So ends Hisham Sharabi's compelling autobiography, Embers and Ashes: Memoirs of an Arab Intellectual. Sharabi, a leading Palestinian intellectual who died in 2005, uttered these words to himself on board a plane from Amman, Jordan to the United States in 1949. He studied and taught in the US for the rest of his life, retiring as a professor of history at Georgetown University in 1998. Ably translated from Arabic by Issa J. Boullata, Embers and Ashes is a poignant story of an intellectual's exile and struggle.
Sharabi transports the reader seamlessly from his early life in Palestine, where he was born in 1927, to his studies at the American University of Beirut, and finally his own American experience and life as a university professor at Georgetown. While it occasionally lacks cohesion, the book is unmistakably personal and insightful.
Sharabi's departure from Amman was preceded by tumultuous events in Lebanon where he was a prominent activist in the Syrian Social Nationalist Party (SSNP), led by Antun Saadeh. Perhaps more than anyone else, it was Saadeh who influenced Sharabi's intellectual trajectory. Saadeh's political line and that of the SSNP was premised on unity between Syria, Iraq, Lebanon and Palestine. Sharabi depicts Saadeh sympathetically as a man of deep human values: courageous, inspirational and subtly intellectual. But he also shows other aspects of Saadeh's personality:
"He used to speak of the party as if it were an actual government on the verge of taking power. In his personal behavior and public stance, he acted like a man of state. The party in his view was the only political force that stood up to colonialism and could achieve independence. It was the only force that could liberate Palestine. I think that Saadeh underestimated the depth of sectarian, tribal, and feudal feelings in [Lebanon]" (150-151).

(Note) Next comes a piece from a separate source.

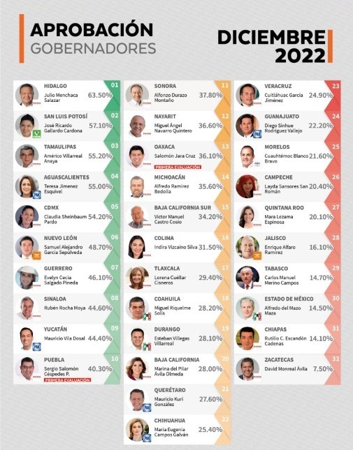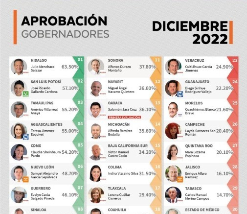 Con 57.1 por ciento, supera por mucho el promedio nacional de las y los Gobernadores que se ubicó en 33.5 por ciento, de acuerdo con Arias Consultores
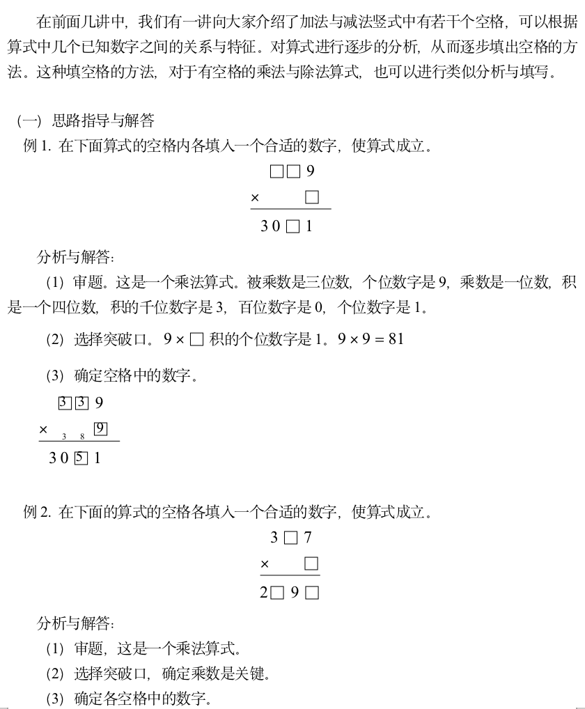 小学奥数-填空格(三)

There are two issues regarding Saadeh's approach to which Sharabi submitted uncritically, and on which he later seems to renege. Firstly, he did not oppose Saadah's grandiose vision of the Syrian homeland, which shifted from being confined to Lebanon, Syria, Palestine and Transjordan, to include Iraq, Kuwait and Cyprus. Secondly, Sharabi embraced Saadah's view that "the individual was a mere means that society used to achieve its aims; and that society represented a firm and abiding 'truth,' whereas individuals fell away like autumn leaves," thereby "ascribing a universality to society and considering society an ultimate ideal in itself" (59-60). However, Sharabi developed a more nuanced and critical view of these matters, particularly in his attribution of a more central and visible role to the individual in society.
Sharabi was also influenced by German philosopher Nicolai Hartmaan, who "considered moral values as justice, courage, love, and friendship to be objective and timeless. For him, those values enjoyed an eternal existence, like Plato's ideals" (129).